# We have NEW digital cable boxes-more available?



## 4just1don (Jun 13, 2008)

Our cable company gives out new cable boxes to convert to all digital. They are Sony DMT200HD in Model number.

Cable company wants to 'rent' additional boxes,,,just like the old converter box of years ago. you could save alot by having own box back then.

I wish to put an additional TV in my garage. Can I "BUY" an additional box that is compatible with there system???

OR can I split off another TV about 5 foot away with a splitter and another cable to new one???(Problem I see is box is programed to a code to each brand of TV)


----------



## del schisler (Aug 22, 2010)

4just1don said:


> Our cable company gives out new cable boxes to convert to all digital. They are Sony DMT200HD in Model number.
> 
> Cable company wants to 'rent' additional boxes,,,just like the old converter box of years ago. you could save alot by having own box back then.
> 
> ...


just put a spliter on the in-put to the other tv , now that has to be the input to the tv. get the one that has a slider on it, put the input to input and than each side to each tv , slide one way and that would be the tv that will show picture, and than back to the other side and than the other tv will have picuree , but what is on one will be on the other, i do this at my location , i do my own satalite , have both dish and direct and switch back and forth. i doubt you could get a box that would work.


----------



## ktkelly (Apr 7, 2007)

I'm going to assume you're connecting the cable box to the TV with an HDMI cable, and the distance to the garage TV isn't too far.
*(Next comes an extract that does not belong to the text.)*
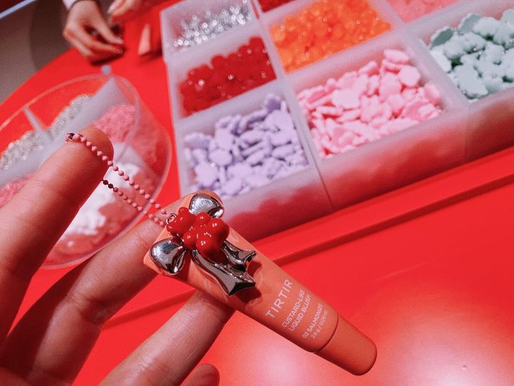 カスタードライクリキッドブラッシュを2本購入すると、6色の中から自分の好きな色のミニチークとチャームをカスタムできる自分だけのキーリングが作れちゃいます。私もさっそく作ってみました、こんな感じ! バッグチャームとして使っても可愛いと思います。

If that is so, what you can do, so both TV's will work at the same time, is get a 1x2 HDMI splitter and then run a second HDMI cable to the garage TV.

Bear in mind that when you turn on, or off, either TV, there will be a momentary loss of picture as the TV's make a new "handshake".


Note: The other mentioned idea won't get you all the channel on the TV the that doesn't have a box connected to it.


----------